## Task statement
The copy has to match the records word for word and include no pictures.

Dataset excerpts
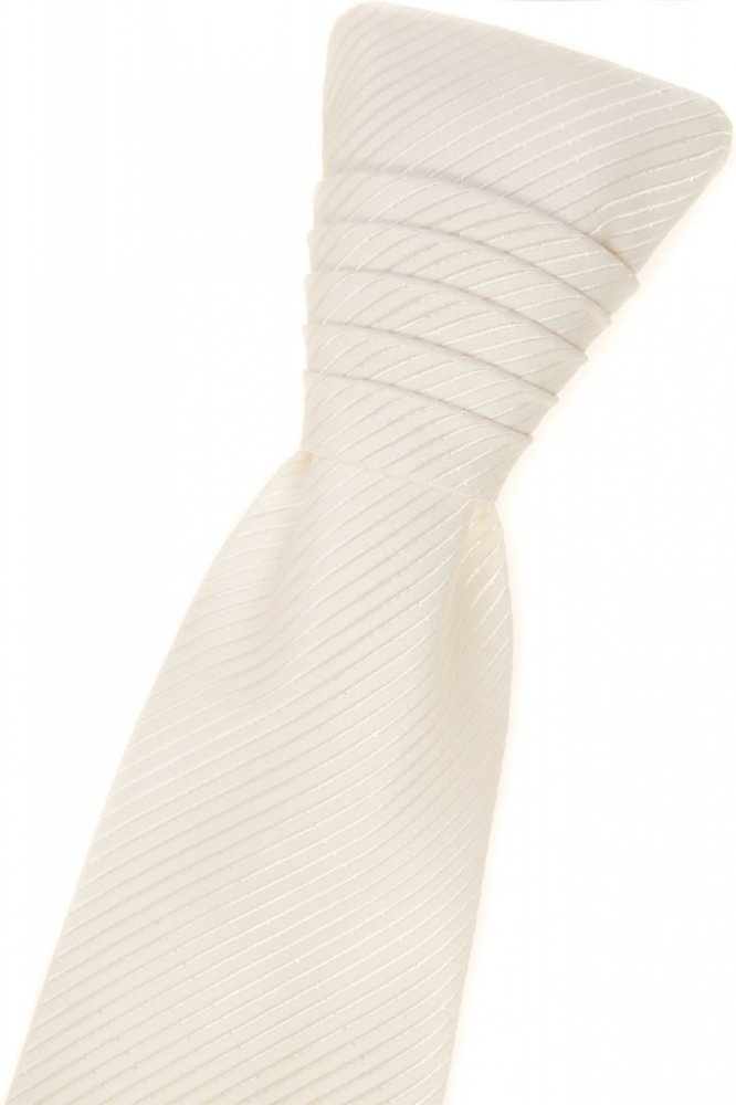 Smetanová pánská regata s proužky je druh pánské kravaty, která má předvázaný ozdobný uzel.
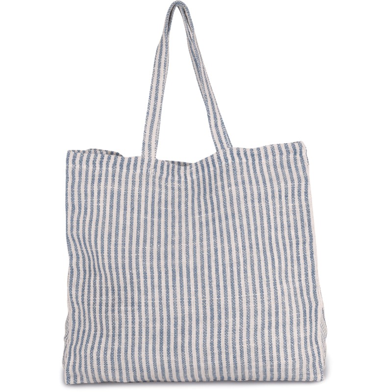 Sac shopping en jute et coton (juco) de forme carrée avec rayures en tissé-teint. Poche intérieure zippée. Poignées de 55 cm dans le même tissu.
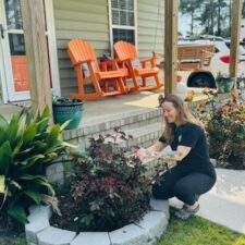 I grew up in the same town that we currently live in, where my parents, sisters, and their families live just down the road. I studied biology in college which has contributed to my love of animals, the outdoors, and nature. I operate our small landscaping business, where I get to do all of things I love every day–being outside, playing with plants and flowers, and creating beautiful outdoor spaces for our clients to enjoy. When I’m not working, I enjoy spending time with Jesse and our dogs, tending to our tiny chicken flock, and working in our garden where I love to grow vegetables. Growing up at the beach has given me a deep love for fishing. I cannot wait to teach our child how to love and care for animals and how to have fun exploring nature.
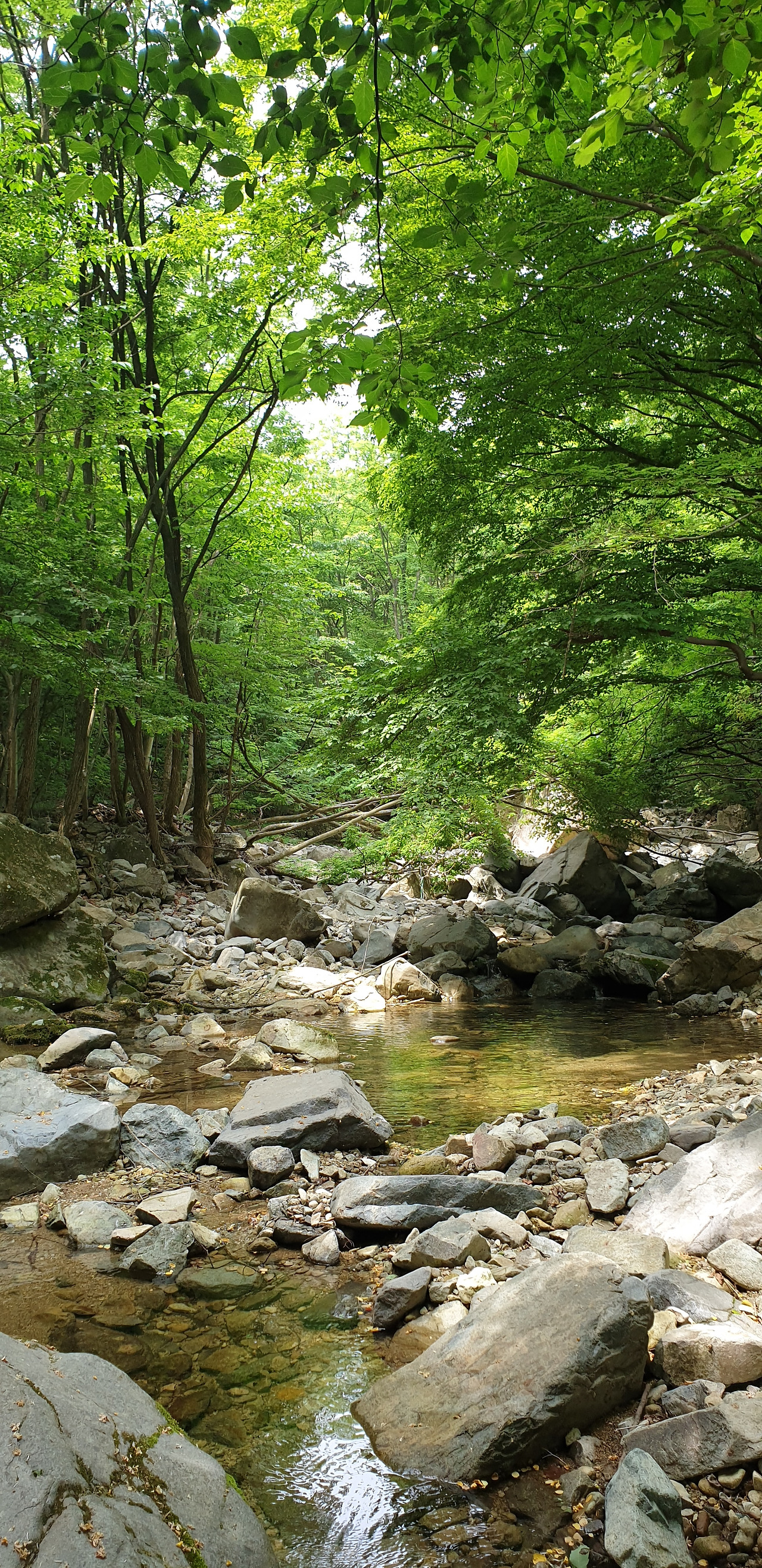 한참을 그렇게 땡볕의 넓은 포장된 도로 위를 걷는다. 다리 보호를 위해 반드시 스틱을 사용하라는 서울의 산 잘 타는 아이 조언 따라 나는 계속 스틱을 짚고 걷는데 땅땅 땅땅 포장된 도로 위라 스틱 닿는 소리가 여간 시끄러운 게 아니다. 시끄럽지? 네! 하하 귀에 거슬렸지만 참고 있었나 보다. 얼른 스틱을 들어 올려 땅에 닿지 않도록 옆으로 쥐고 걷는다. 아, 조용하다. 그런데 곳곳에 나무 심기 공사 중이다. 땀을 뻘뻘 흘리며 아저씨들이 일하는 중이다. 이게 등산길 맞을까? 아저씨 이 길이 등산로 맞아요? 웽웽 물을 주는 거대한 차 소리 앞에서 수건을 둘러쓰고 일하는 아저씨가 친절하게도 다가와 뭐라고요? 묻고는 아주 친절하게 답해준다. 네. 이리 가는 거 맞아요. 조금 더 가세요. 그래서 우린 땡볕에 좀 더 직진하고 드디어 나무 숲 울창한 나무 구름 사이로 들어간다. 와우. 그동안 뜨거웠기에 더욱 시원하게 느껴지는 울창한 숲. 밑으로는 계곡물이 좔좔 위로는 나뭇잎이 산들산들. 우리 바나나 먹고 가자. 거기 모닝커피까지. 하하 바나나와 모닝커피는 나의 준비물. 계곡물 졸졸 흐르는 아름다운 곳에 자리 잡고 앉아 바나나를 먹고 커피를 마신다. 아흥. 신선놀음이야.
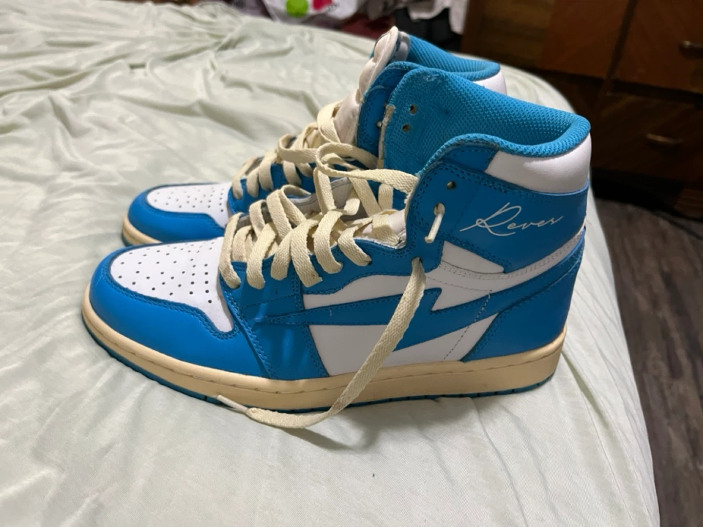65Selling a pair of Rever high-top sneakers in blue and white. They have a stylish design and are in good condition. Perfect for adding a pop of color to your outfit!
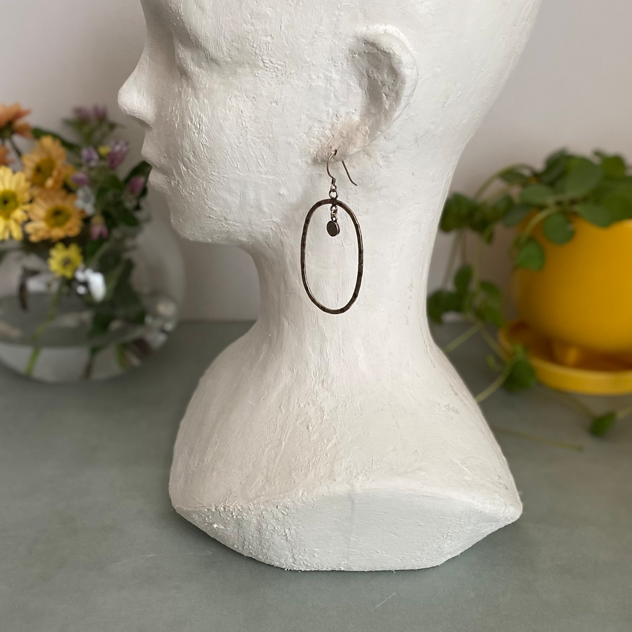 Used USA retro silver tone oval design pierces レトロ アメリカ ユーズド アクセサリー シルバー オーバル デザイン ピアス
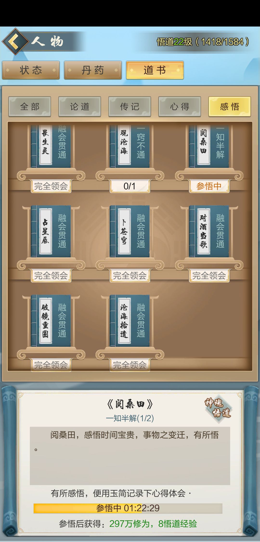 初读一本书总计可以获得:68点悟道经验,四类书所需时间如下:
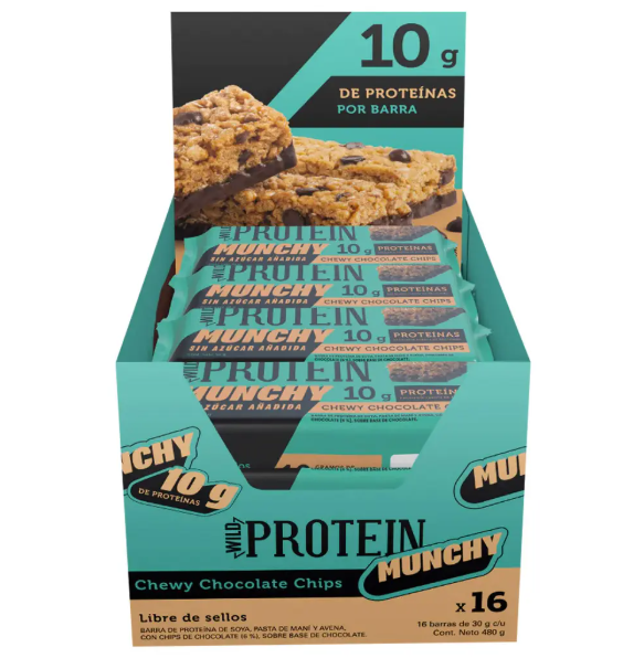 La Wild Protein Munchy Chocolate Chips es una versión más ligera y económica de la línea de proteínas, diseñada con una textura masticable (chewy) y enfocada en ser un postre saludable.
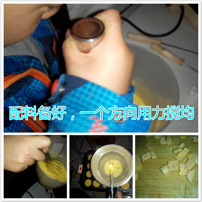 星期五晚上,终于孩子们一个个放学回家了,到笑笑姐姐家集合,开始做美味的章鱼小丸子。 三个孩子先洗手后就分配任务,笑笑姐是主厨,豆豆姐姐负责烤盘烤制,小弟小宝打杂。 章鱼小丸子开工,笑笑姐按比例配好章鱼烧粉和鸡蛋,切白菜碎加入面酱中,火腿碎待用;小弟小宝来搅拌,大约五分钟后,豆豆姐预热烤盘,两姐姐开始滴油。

## Answer box
 Smetanová pánská regata s proužky je druh pánské kravaty, která má předvázaný ozdobný uzel.
 Sac shopping en jute et coton (juco) de forme carrée avec rayures en tissé-teint. Poche intérieure zippée. Poignées de 55 cm dans le même tissu.
 I grew up in the same town that we currently live in, where my parents, sisters, and their families live just down the road. I studied biology in college which has contributed to my love of animals, the outdoors, and nature. I operate our small landscaping business, where I get to do all of things I love every day–being outside, playing with plants and flowers, and creating beautiful outdoor spaces for our clients to enjoy. When I’m not working, I enjoy spending time with Jesse and our dogs, tending to our tiny chicken flock, and working in our garden where I love to grow vegetables. Growing up at the beach has given me a deep love for fishing. I cannot wait to teach our child how to love and care for animals and how to have fun exploring nature.
 한참을 그렇게 땡볕의 넓은 포장된 도로 위를 걷는다. 다리 보호를 위해 반드시 스틱을 사용하라는 서울의 산 잘 타는 아이 조언 따라 나는 계속 스틱을 짚고 걷는데 땅땅 땅땅 포장된 도로 위라 스틱 닿는 소리가 여간 시끄러운 게 아니다. 시끄럽지? 네! 하하 귀에 거슬렸지만 참고 있었나 보다. 얼른 스틱을 들어 올려 땅에 닿지 않도록 옆으로 쥐고 걷는다. 아, 조용하다. 그런데 곳곳에 나무 심기 공사 중이다. 땀을 뻘뻘 흘리며 아저씨들이 일하는 중이다. 이게 등산길 맞을까? 아저씨 이 길이 등산로 맞아요? 웽웽 물을 주는 거대한 차 소리 앞에서 수건을 둘러쓰고 일하는 아저씨가 친절하게도 다가와 뭐라고요? 묻고는 아주 친절하게 답해준다. 네. 이리 가는 거 맞아요. 조금 더 가세요. 그래서 우린 땡볕에 좀 더 직진하고 드디어 나무 숲 울창한 나무 구름 사이로 들어간다. 와우. 그동안 뜨거웠기에 더욱 시원하게 느껴지는 울창한 숲. 밑으로는 계곡물이 좔좔 위로는 나뭇잎이 산들산들. 우리 바나나 먹고 가자. 거기 모닝커피까지. 하하 바나나와 모닝커피는 나의 준비물. 계곡물 졸졸 흐르는 아름다운 곳에 자리 잡고 앉아 바나나를 먹고 커피를 마신다. 아흥. 신선놀음이야.
65Selling a pair of Rever high-top sneakers in blue and white. They have a stylish design and are in good condition. Perfect for adding a pop of color to your outfit!
 Used USA retro silver tone oval design pierces レトロ アメリカ ユーズド アクセサリー シルバー オーバル デザイン ピアス
 初读一本书总计可以获得:68点悟道经验,四类书所需时间如下:
 La Wild Protein Munchy Chocolate Chips es una versión más ligera y económica de la línea de proteínas, diseñada con una textura masticable (chewy) y enfocada en ser un postre saludable.
 星期五晚上,终于孩子们一个个放学回家了,到笑笑姐姐家集合,开始做美味的章鱼小丸子。 三个孩子先洗手后就分配任务,笑笑姐是主厨,豆豆姐姐负责烤盘烤制,小弟小宝打杂。 章鱼小丸子开工,笑笑姐按比例配好章鱼烧粉和鸡蛋,切白菜碎加入面酱中,火腿碎待用;小弟小宝来搅拌,大约五分钟后,豆豆姐预热烤盘,两姐姐开始滴油。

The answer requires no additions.